> EXTRACTED MATERIAL:
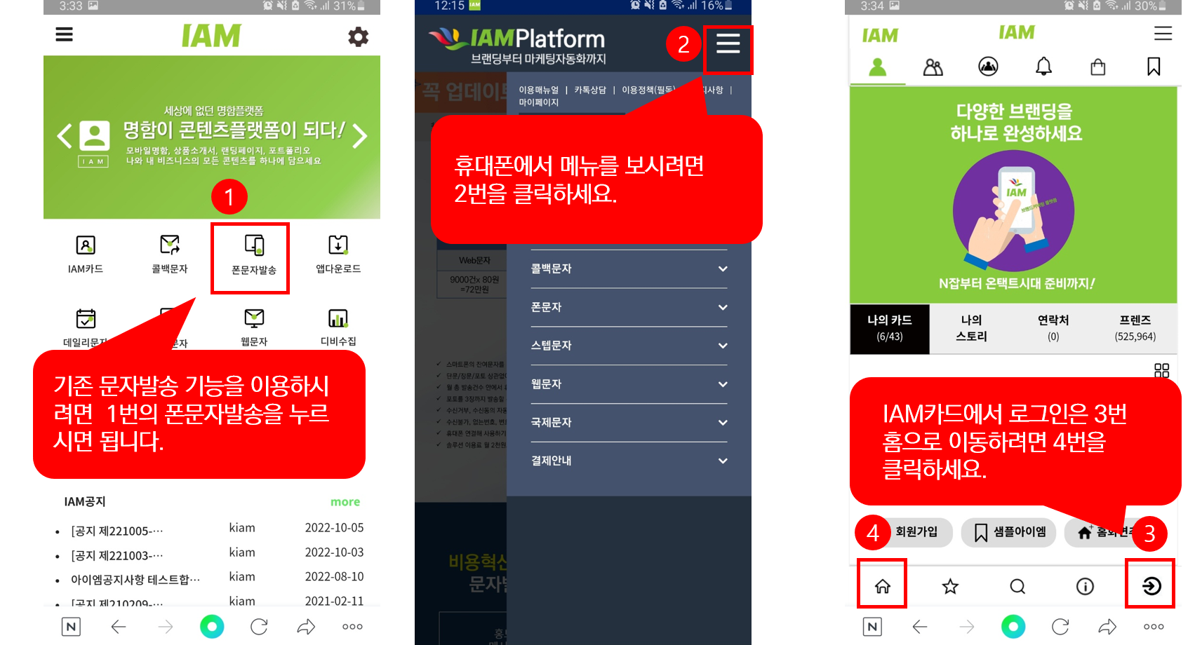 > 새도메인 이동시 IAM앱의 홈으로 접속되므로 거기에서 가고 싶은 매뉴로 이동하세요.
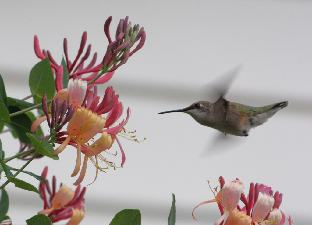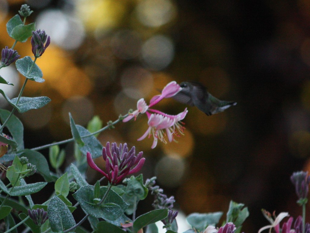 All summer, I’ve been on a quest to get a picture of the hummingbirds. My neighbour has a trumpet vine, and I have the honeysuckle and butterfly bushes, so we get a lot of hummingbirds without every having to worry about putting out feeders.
* * *
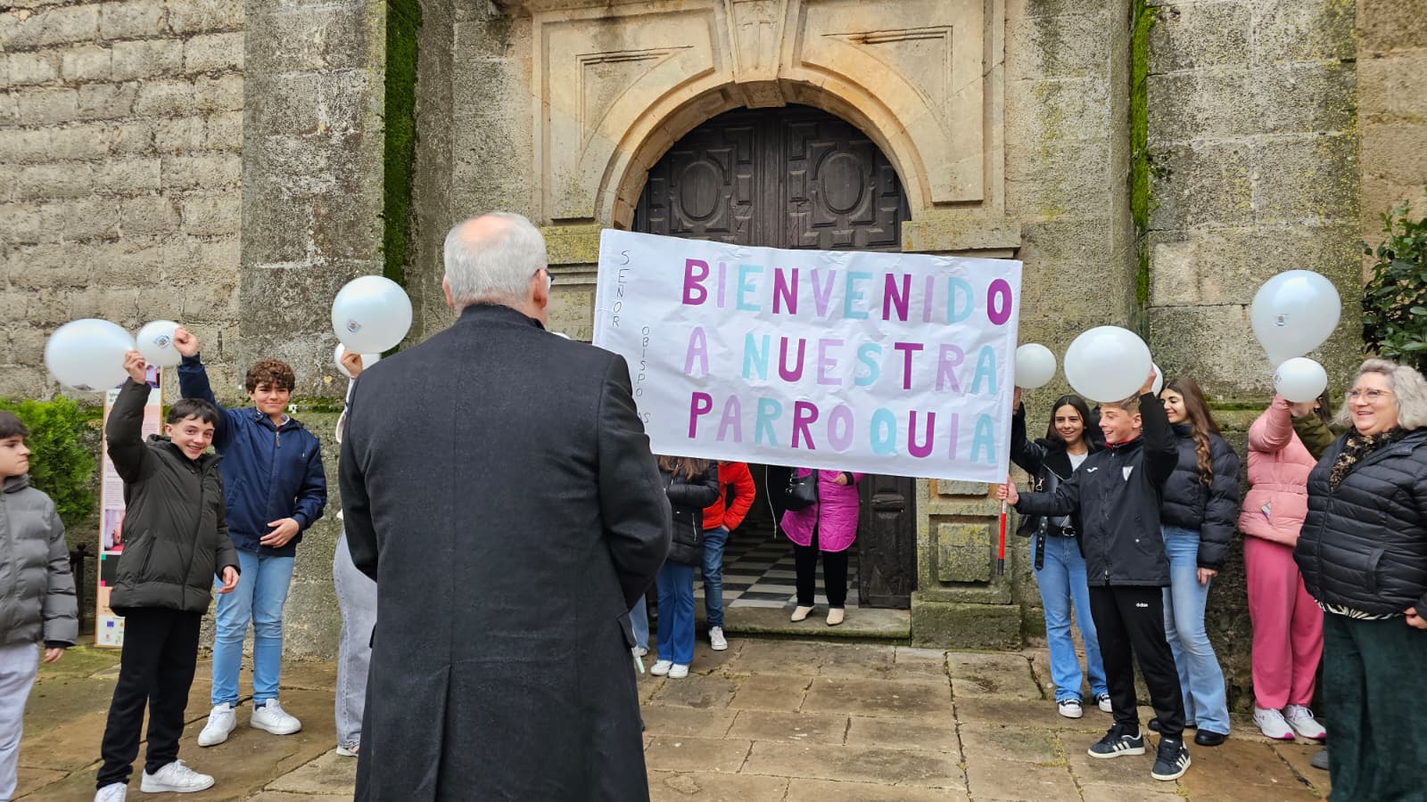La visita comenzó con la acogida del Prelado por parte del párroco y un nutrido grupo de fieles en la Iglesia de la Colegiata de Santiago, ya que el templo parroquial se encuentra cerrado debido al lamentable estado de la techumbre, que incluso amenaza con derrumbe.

> PROBLEM DETAILS: Please transcribe exactly the part of the records that opens with the line containing "싶은 매뉴로 이동하세요." and closes with the line containing "All summer, I’ve", both ends included, and leave out the pictures.

> TASK OUTPUT:
 > 새도메인 이동시 IAM앱의 홈으로 접속되므로 거기에서 가고 싶은 매뉴로 이동하세요.
 All summer, I’ve been on a quest to get a picture of the hummingbirds. My neighbour has a trumpet vine, and I have the honeysuckle and butterfly bushes, so we get a lot of hummingbirds without every having to worry about putting out feeders.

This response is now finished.